This is done by a young scientist Alexandra Tatarinova
Content-Based Retrieval is a dynamically developing field of computer science. Among the urgent problems is the search for speech documents by the text request of users. How to find the right material in the collection of audio files without resorting to listening to each of them? Is it possible to do this by introducing a regular text query?
The assistant professor of applied mathematics and computer science at Vyatka State University Alexander Tatarinov explained how to do this.
We proceeded from the hypothesis that the search should not be performed specifically on the recognized text, but by converting it into a phoneme representation.
The young scientist, together with supervisor Dmitry Prozorov, professor of the Department of Radioelectronic Tools of Vyatka State University, managed to achieve the goal: a search method and a phonemic transcription algorithm based on multiply connected Markov chains were proposed. Now a user who has a certain collection of audio files can make a request by entering text, and the system will translate it into a phoneme representation, providing maximum search accuracy.
The study formed the basis of the dissertation by Alexandra Tatarinova, and the latest results are reflected in the article “Comparison Of Grapheme-to-Phoneme Conversions For Spoken Document Retrieval”, which was included in the collection of materials of the IEEE EWDTS 2019 conference.
The method and algorithm developed by Vyatka State University scientists can be used to create systems aimed at obtaining relevant information for commercial companies and government institutions: from complaints of consumers of goods and services to receiving data on the disclosure of confidential information.
Today, Alexander Tatarinova is also actively engaged in research in the field of Grammatical Error Correction. This is, first of all, the elimination of violations of the grammatical connection between words in sentences, for the solution of which deep neural networks can be used.
In fact, we must train the neural network to find and correct in sentences inconsistencies resulting from typos or poor knowledge of the Russian language by the user. We do this on the basis of a neural network with the Transformer architecture, which contains a self-attention mechanism, which allows us to better educate the connections between words within a sentence, - explained A.G. Tatarinova.

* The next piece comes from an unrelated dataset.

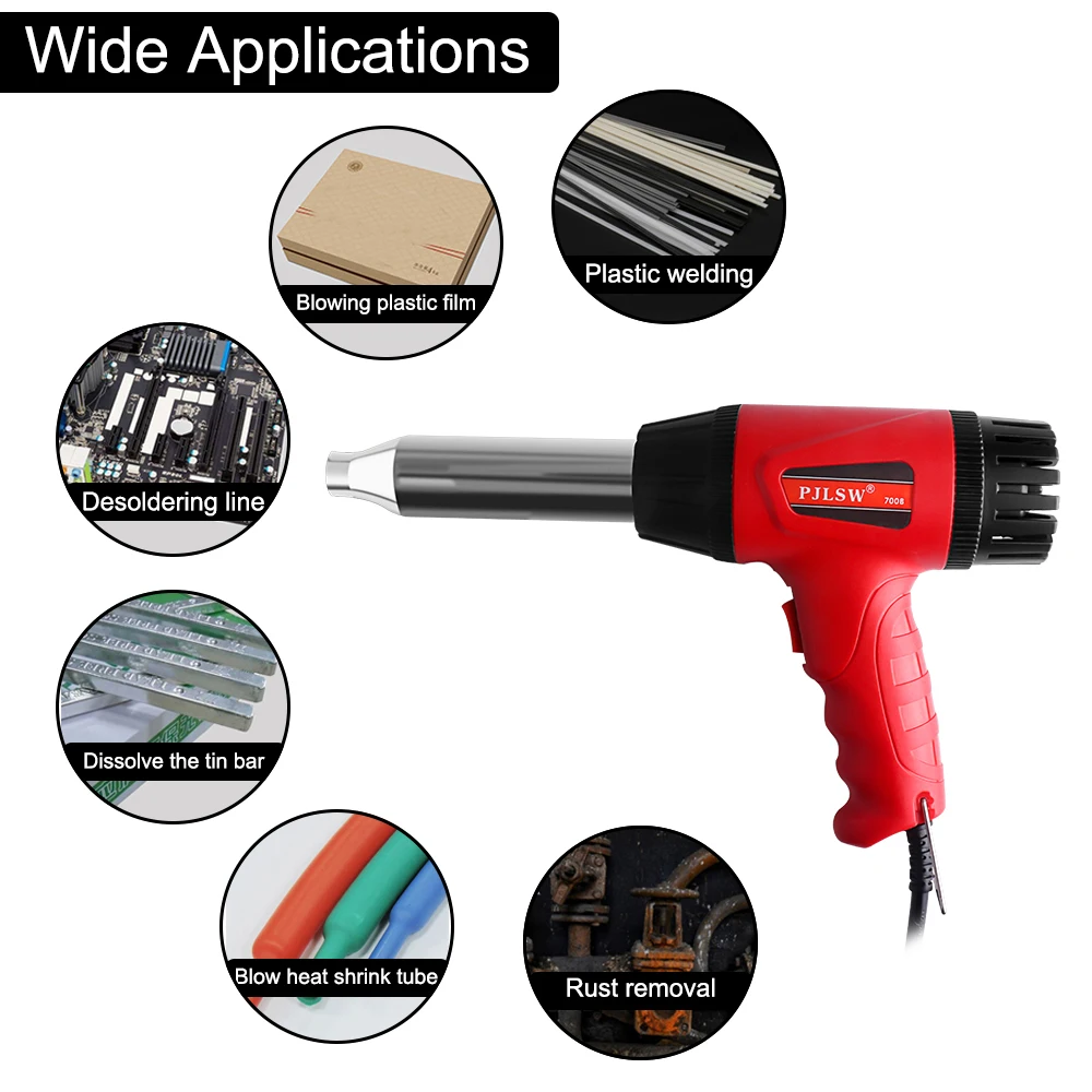 2 после того, как пистолет горячего воздуха используется в течение определенного периода времени, передняя воздушная насадка будет черной, что также является нормальным явлением и не влияет на работу машины.

Research conducted by young scientists is fully consistent with global trends. It is important that these topics are reflected in classes with students, introducing them to the latest scientific achievements. This, in particular, can be said about the courses "Mathematical Models for Pattern Recognition" and "Computer Vision", which Alexandra Gennadyevna reads for students at the Institute of Mathematics and Information Systems of Vyatka State University.
In the figure: diagram of a search system for voice documents by text query.